How should this be handled?
Do any of the other current backends do this?
Hi,
Our processor only does 32bit reads and writes to memory. Changing a
byte requires a 32bit read, modify, 32bit write sequence to change the
8bit value in memory.How should this be handled?
your backend will have i32 as a legal type and i8 as an illegal type.
A store to an i8 will be automatically transformed into a "truncating"
to i8 store of i32. Such a truncating store means: the lower 8 bits
of this i32 value needs to be stored. When your backend sees such a
truncating store of an i32 V it will need to turn that into: read the
existing i32 value (W), replace the low 8 bits of W with the low 8
bits of V (high 8 bits on a big-endian machine), and write the new
W back.
Do any of the other current backends do this?
I don't know.
Ciao,
Duncan.
Duncan Sands wrote:
Hi,
Our processor only does 32bit reads and writes to memory. Changing a byte requires a 32bit read, modify, 32bit write sequence to change the 8bit value in memory.
How should this be handled?
your backend will have i32 as a legal type and i8 as an illegal type.
A store to an i8 will be automatically transformed into a "truncating"

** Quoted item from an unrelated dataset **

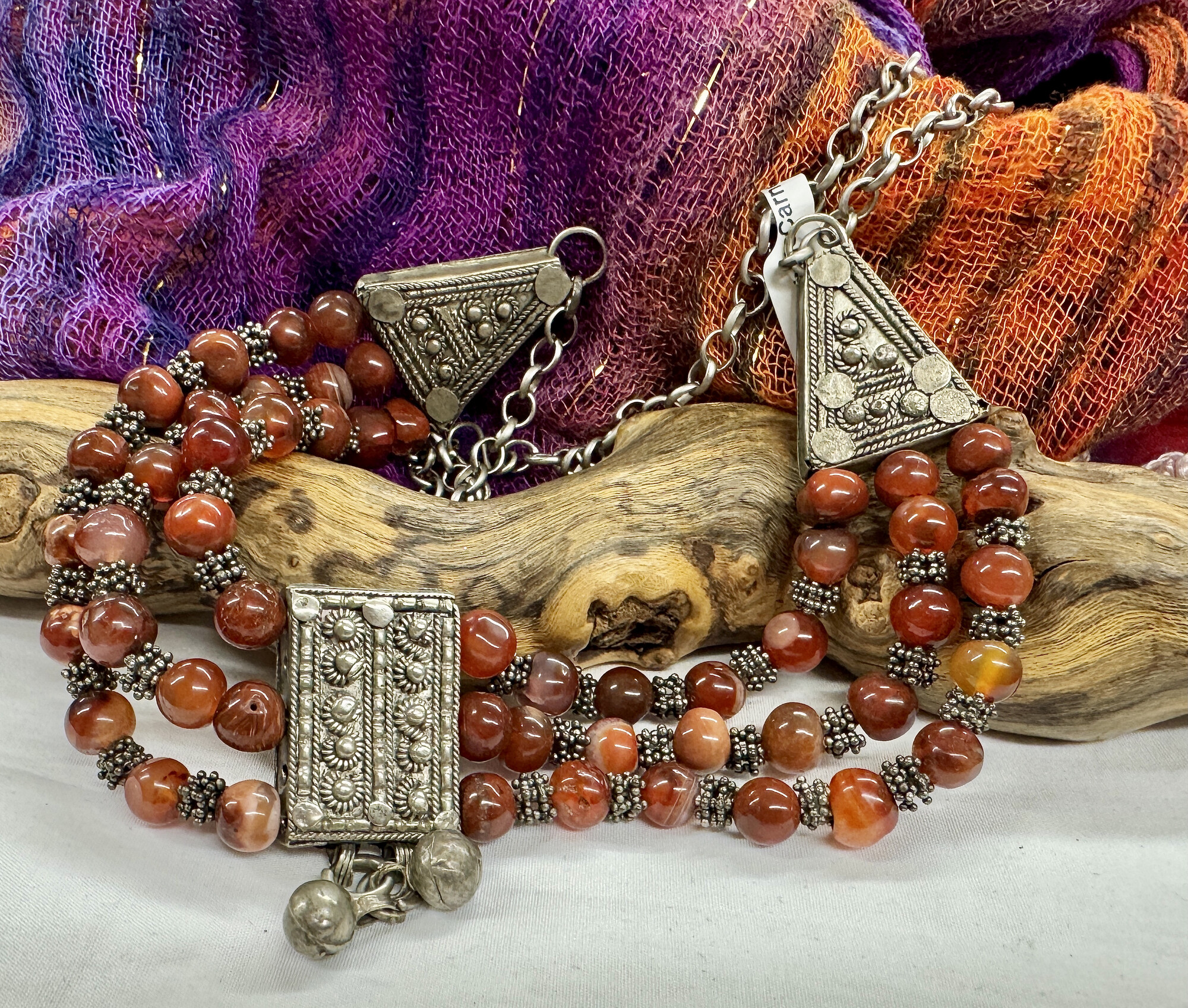 3-strand Ethnic Carnelian Necklace

to i8 store of i32. Such a truncating store means: the lower 8 bits
of this i32 value needs to be stored. When your backend sees such a
truncating store of an i32 V it will need to turn that into: read the
existing i32 value (W), replace the low 8 bits of W with the low 8
bits of V (high 8 bits on a big-endian machine), and write the new
W back.
Not necessarily. You can still make the usual data types legal. You just need to do special handling for ISD::LOAD and ISD::STORE.
Do any of the other current backends do this?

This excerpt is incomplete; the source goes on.